И, безвестный исполнитель, не расстраиваюсь я,
что в больших твоих афишах роль не значится моя,
что в различных этих списках исполнителей ролей
среди множества фамилий нет фамилии моей.
Все проходит в этом мире, снег сменяется дождем,
все проходит, все проходит, мы пришли, и мы уйдем.
Все приходит и уходит в никуда из ничего.
Все проходит, но бесследно не проходит ничего.
И, участвуя в сюжете, я смотрю со стороны,
как текут мои мгновенья, мои годы, мои сны,
как сплетается с другими эта тоненькая нить,
где уже мне, к сожаленью, ничего не изменить,
потому что в этой драме, будь ты шут или король,
дважды роли не играют, только раз играют роль.
И над собственною ролью плачу я и хохочу,
по возможности достойно доиграть свое хочу -
ведь не мелкою монетой, жизнью собственной плачу
и за то, что горько плачу, и за то, что хохочу.

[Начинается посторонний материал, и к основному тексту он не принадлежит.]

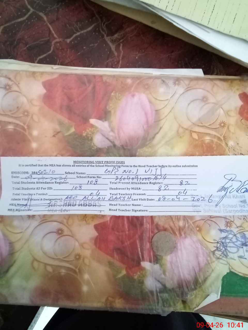 | Attendance Register | Head Teacher | MEA with School | Visit Proof |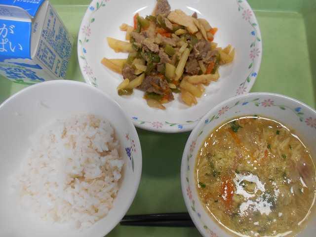 麦ご飯、牛乳、青椒肉絲、スーミータンでした。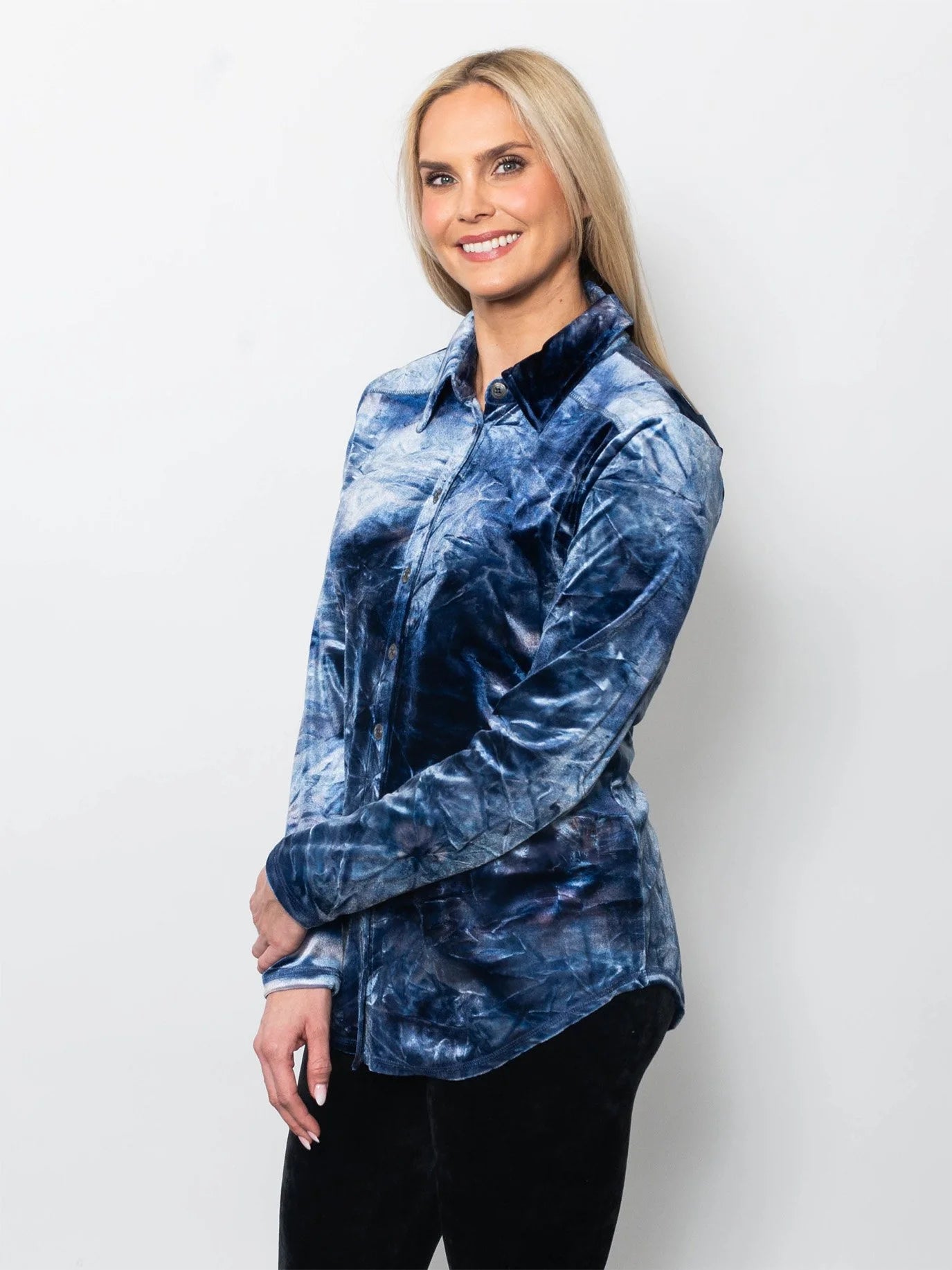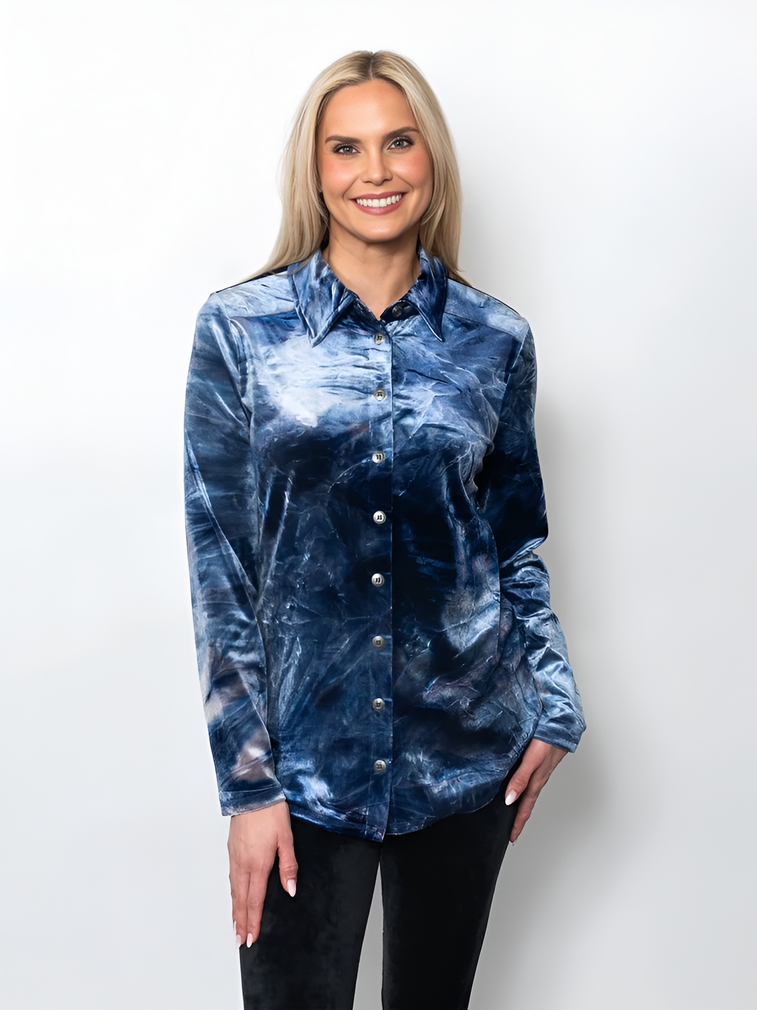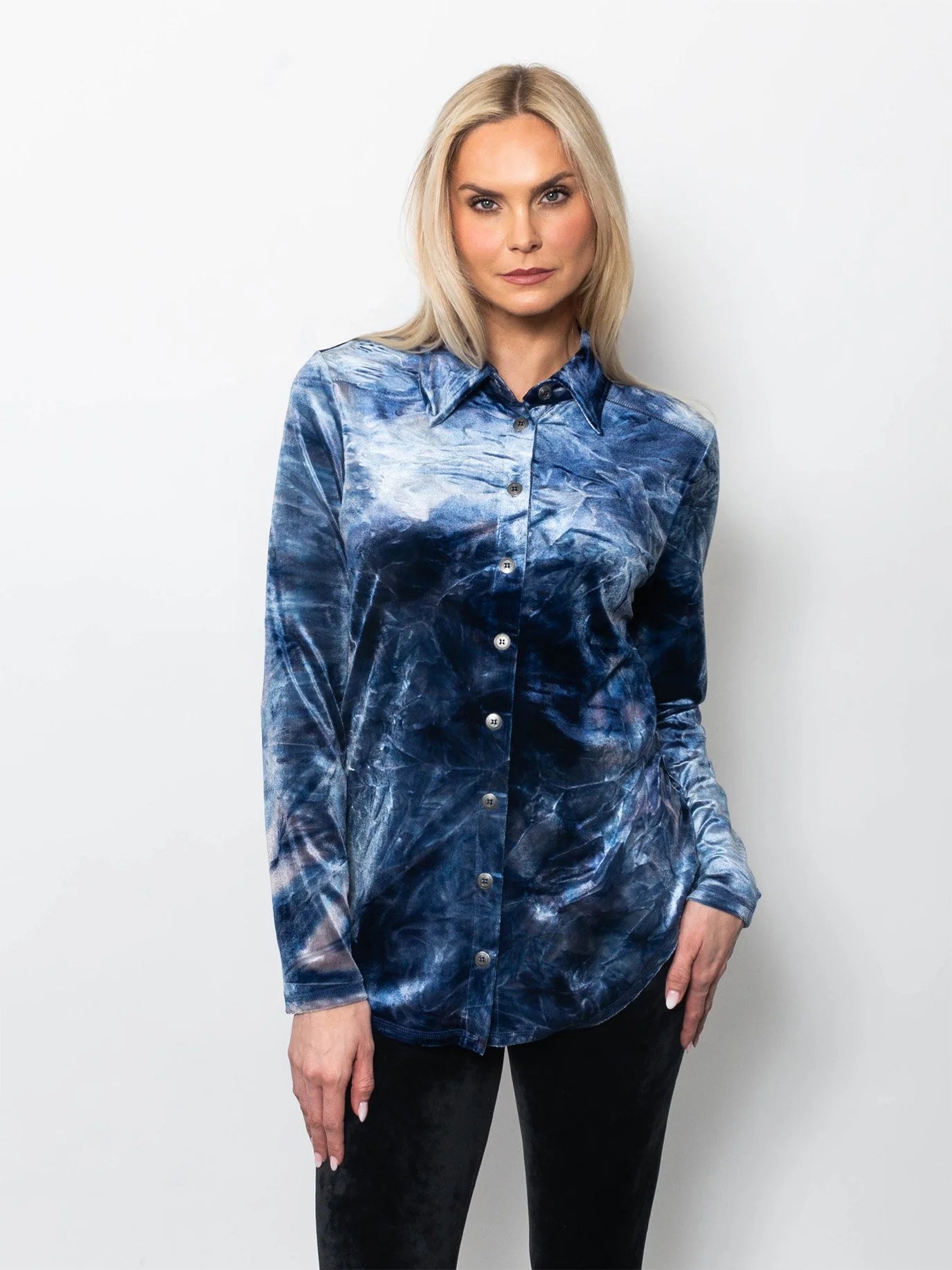 Elevate your wardrobe with the bold sophistication of our Tie Dyed Velvet Button-Up Shirt, a modern statement piece designed for standout style and everyday comfort. Crafted from soft stretch velvet, this women’s button-up velvet top combines timeless tailoring with an eye-catching blue tie-dye finish for a look that’s effortlessly chic.
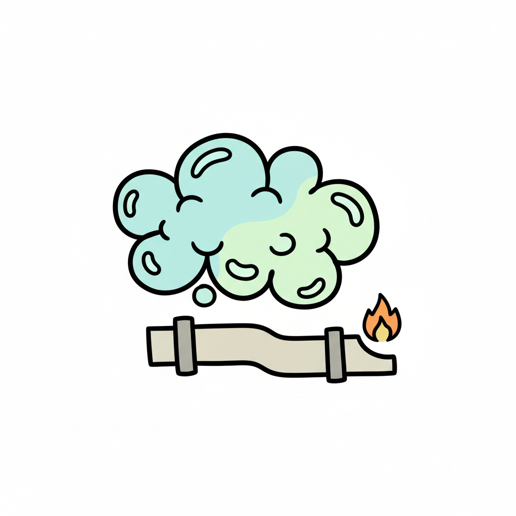 Stilisierte Darstellung einer brennenden Gasleitung mit aufsteigendem Rauch/Dampf.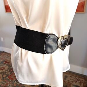 vintage 80s belt, heart buckle belt, wide stretch belt, silver heart belt, retro waist belt, statement belt, elastic belt, 80s accessory, faux leather belt, vintage waist cincher, bold buckle belt, romantic belt, cottagecore accessory, festival belt, high waist belt, women’s vintage belt

Мне снится, что в некоем зале,
где я не бывал никогда,
играют какую-то пьесу.
И я приезжаю туда.
Я знаю, что скоро мой выход.
Я вверх по ступеням бегу.
Но как называется пьеса,
я вспомнить никак не могу.
Меж тем я решительно знаю
по прихоти сна моего,
что я в этой пьесе играю,
но только не помню - кого.
Меж тем я отчетливо помню -
я занят в одной из ролей.
Но я этой пьесы не знаю
и роли не помню своей.
Сейчас я шагну обреченно,
кулисы раздвинув рукой.
Но я не играл этой роли
и пьесы не знаю такой.
Там, кажется, ловят кого-то.
И смута стоит на Руси.
И кто-то взывает:
- Марина,
помилуй меня и спаси!
И кажется, он самозванец.
И кто-то торопит коней.
Но я этой пьесы не знаю.
Я даже не слышал о ней.
Не знаю, не слышал, не помню.
В глаза никогда не видал.
Ну разве что в детстве когда-то
подобное что-то читал.
Ну разве что в давние годы,
когда еще школьником был,
учил я подобное что-то,
да вскоре, видать, позабыл.
И должен я выйти на сцену
и весь этот хаос облечь
в поступки, движенья и жесты,
в прямую и ясную речь.
Я должен на миг озариться
и сразу,
шагнув за черту,
какую-то длинную фразу
легко подхватить на лету.
И сон мой все время на грани,
на крайнем отрезке пути,
где дальше идти невозможно,
и все-таки надо идти.
Сейчас я шагну обреченно,
кулисы раздвинув рукой.
Но я не играл этой роли
и пьесы не знаю такой.
Я все еще медлю и медлю.
Но круглый
оранжевый свет
ко мне подступает вплотную,
и мне уже выхода нет.
В Москве меня не прописывали.
Загород мне не прописывали.
…Поселюсь в лесопарковой зоне.
Постелюсь на зелёном газоне.
Книжку выну. Не книжку чековую,
а хорошую книжку Чехова.
Чехов - мой любимый писатель.
Он весёлый очень писатель.
Я «Крыжовник» перечитаю.
Его многим предпочитаю.
А потом усну в тишине.
Сон хороший приснится мне.
Будто я лежу молодой
под Москвой на передовой.
Никакой у меня обиды.
Два дружка у меня убиты.
Я один остаюсь в траншее.
Одному мне ещё страшнее.
Одна мысль у меня в мозгу:
не пущу я врага в Москву.
За спиною она, любимая.
Спи, Москва моя! Спи, любимая!
Все стихи однажды уже были.
Слоем пепла занесло их,
слоем пыли
замело,
и постепенно их забыли -
нам восстановить их предстоит.
Наше дело в том и состоит,
чтоб восстановить за словом слово
и опять расставить по местам
так, как они некогда стояли.
Это все равно как воскрешать
смутный след,
оставленный в душе
нашими младенческими снами.
Это все равно как вспоминать
музыку,
забытую давно,
но когда-то слышанную нами.
Вот и смотришь -
так или не так,
вспоминаешь -
так или не так,
мучаешься -
так ли это было?
Примеряешь слово -
нет, не так,
начинаешь снова -
нет, не так,
из себя выходишь -
нет, не так,
господи, да как же это было?
И внезапно вздрогнешь -
было так!
И внезапно вспомнишь -
вот как было!
Ну конечно - так оно и было,
только так и было, только так!
Мундиры, ментики, нашивки, эполеты.
А век так короток - Господь не приведи.
Мальчишки, умницы, российские поэты,
провидцы в двадцать и пророки к тридцати.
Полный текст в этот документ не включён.